- European arcade flyer
- Developers: Atari Games (Arcade), Equilibrium (SNES)
- Publishers: Arcade: Atari Games Super NES: THQ
- Producer: Howard Phillips (SNES)
- Designers: David Akers Mark Stephen Pierce Dennis Harper
- Programmer: Dennis Harper (Arcade)
- Artists: Jim Wiebmer (SNES) Wilfredo Aguilar (SNES) Jody Sather (SNES) Mark Stephen Pierce (Arcade)
- Composers: Don Diekneite (Arcade) Ed Bogas Gary Clayton (SNES)
- Platforms: Arcade, Atari Falcon030, Atari Lynx, Super NES
- Release: Arcade: NA: 1991; EU: 1991; Super NES: NA: November 1992; EU: 1992;
- Genre: Racing
- Modes: Single-player Multiplayer

= Road Riot 4WD =

1991 video game

Road Riot 4WD is an arcade racing game developed by Atari Games and originally released in 1991. In the game, players control weapon-equipped dune buggies and attempt to win races around the globe. A port of the game was released for the Super NES. Versions of the game for the Atari Lynx and Sega Genesis were developed, but never released. A sequel entitled Road Riot's Revenge was also in development and cabinets for the game were made, but the sequel never entered mass production.

==Gameplay==
Players control four-wheel drive dune buggies equipped with weapons. After conquering the basic track, players will have to navigate through 11 additional tracks in order to win the championship.

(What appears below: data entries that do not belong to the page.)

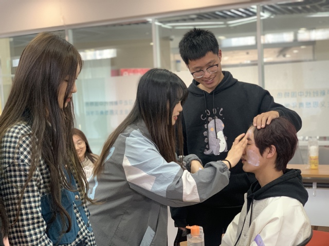 讲解结束后,屈臣氏团队用组队化妆比赛的方式将活动推到了高潮。三组同学,十人为一组进行比拼,在各组指导老师的带领下,以接力化妆的方式完成对模特的妆容设计和展示,同学们纷纷表示受益匪浅。
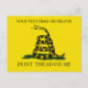 Ne me tournez pas dessus ! Cette carte postale personnalisable attire l'oeil et présente le design historique du drapeau de Gadsden de 1775. Le drapeau a un serpent enroulé sur un riche arrière - plan jaune doré avec le texte "Ne pas me rouler dessus" en bas. Le côté inverse de la carte postale est gris clair par défaut. Il y a un endroit pour ajouter votre propre texte en haut si vous le souhaitez. Il suffit d'appuyer sur le bouton Personnaliser pour modifier ou supprimer le texte, ou d'appuyer sur le bouton Personnaliser pour modifier la police, la couleur du texte ou la couleur inverse. Le drapeau était à l'origine associé aux Continental Marines, la force d'infanterie navale des colonies américaines. Dans les temps modernes, le drapeau est parfois associé au patriotisme américain, à la politique, au désaccord sur la portée excessive du gouvernement ou au soutien aux libertés civiles. Parfait pour un cadeau pour les amoureux et les défenseurs de la liberté, de la liberté et de nos droits. Super article pour les fans de drapeaux historiques, USA, symboles de la Révolution Américaine, et des motifs patriotiques américains.
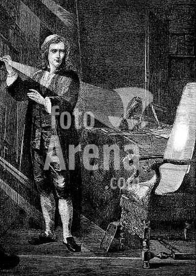 alb1468295 Isaac Newton (1643-1727). English physicist, mathematician, astronomer, natural philosopher, alchemist, and theologian. Newton's work on the nature of light.
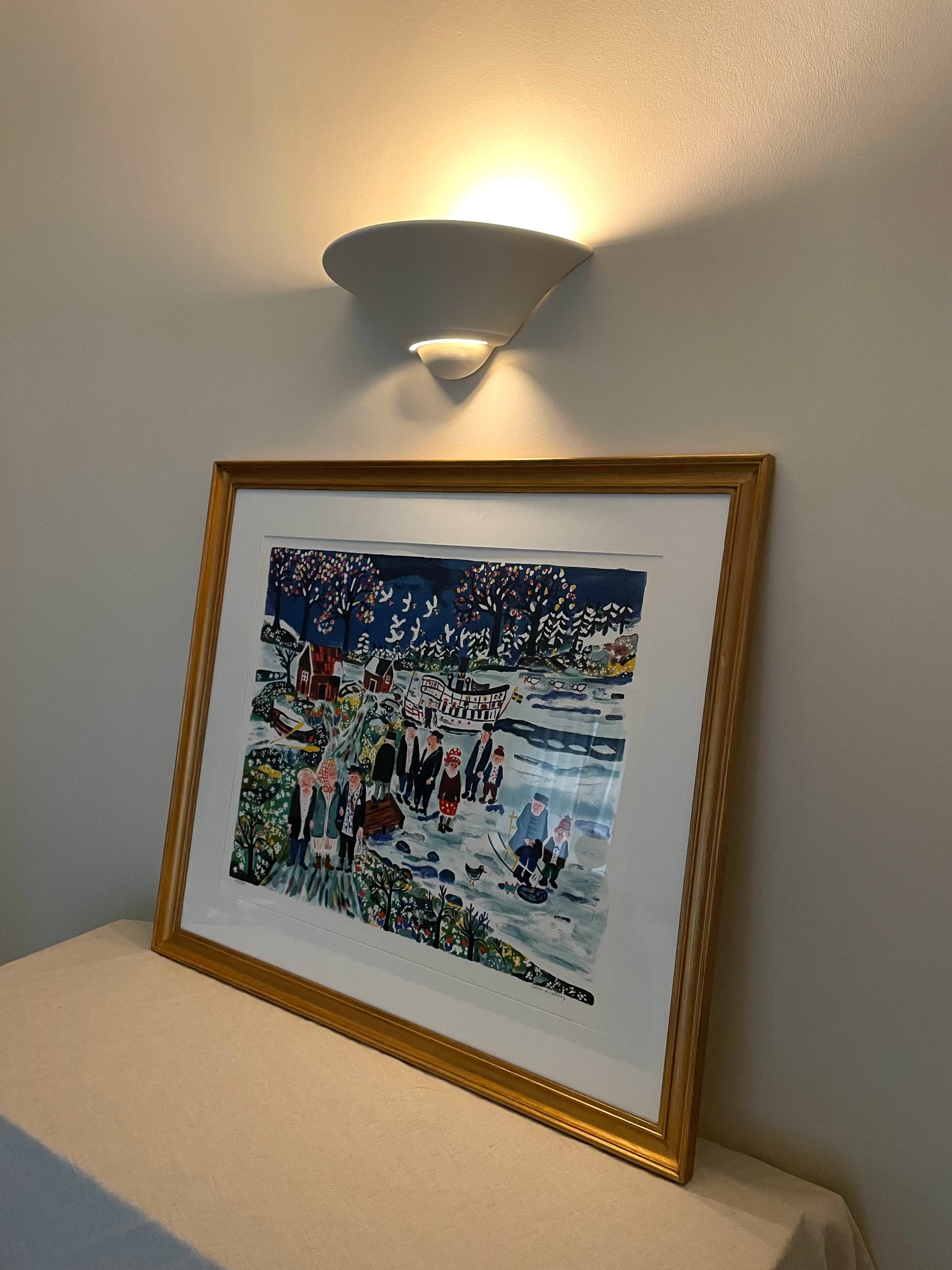 It’s framed in a gold wooden frame and due to its size would look great in a variety of locations such as above a mantel, sideboard, bed or sofa. It is ready to hang via a wire.
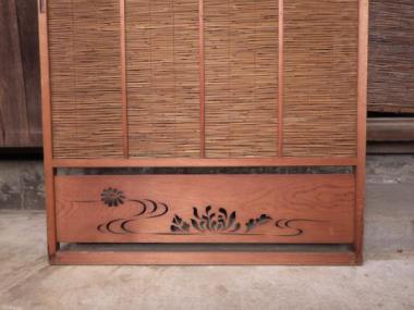 在庫の内1点は幅が787mmになります。花のようなものが透かし彫りしてあります。千葉県市川市の大正時代に建てられた古民家で使われていたものです。
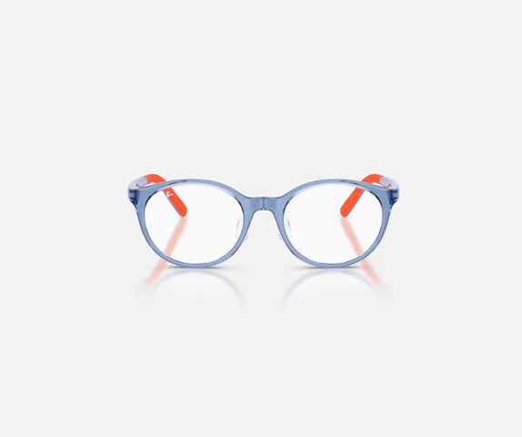 軽量なスタイルが特徴のメガネフレームです。透明感のあるブルーのバイオベースナイロンフレームに、遊び心あふれるオレンジのアクセントをプラスしました。テンプルにはバイオベース素材を使用し、一日中快適な着け心地を提供します。

The locations are Saudi Arabia, Iowa, Africa, Swiss Alps, Baja Mexico, Antarctica, Ohio, Las Vegas, New Jersey, California and Australia. A player has to beat three vehicles in order to win the race. An infinite number of missiles is used to knock opponents out of the way. Crashing into certain obstacles will allow the player to collect extra points. The game is playable by up to two players, with a dual sit-down cabinet setup in the arcade or the always-on split screen of the SNES game.

If all 11 levels are completed, the player collects 500K points.

==Reception==
In the United States, it topped the RePlay arcade charts for upright arcade cabinets in August 1991, and then dedicated cabinets in September 1991.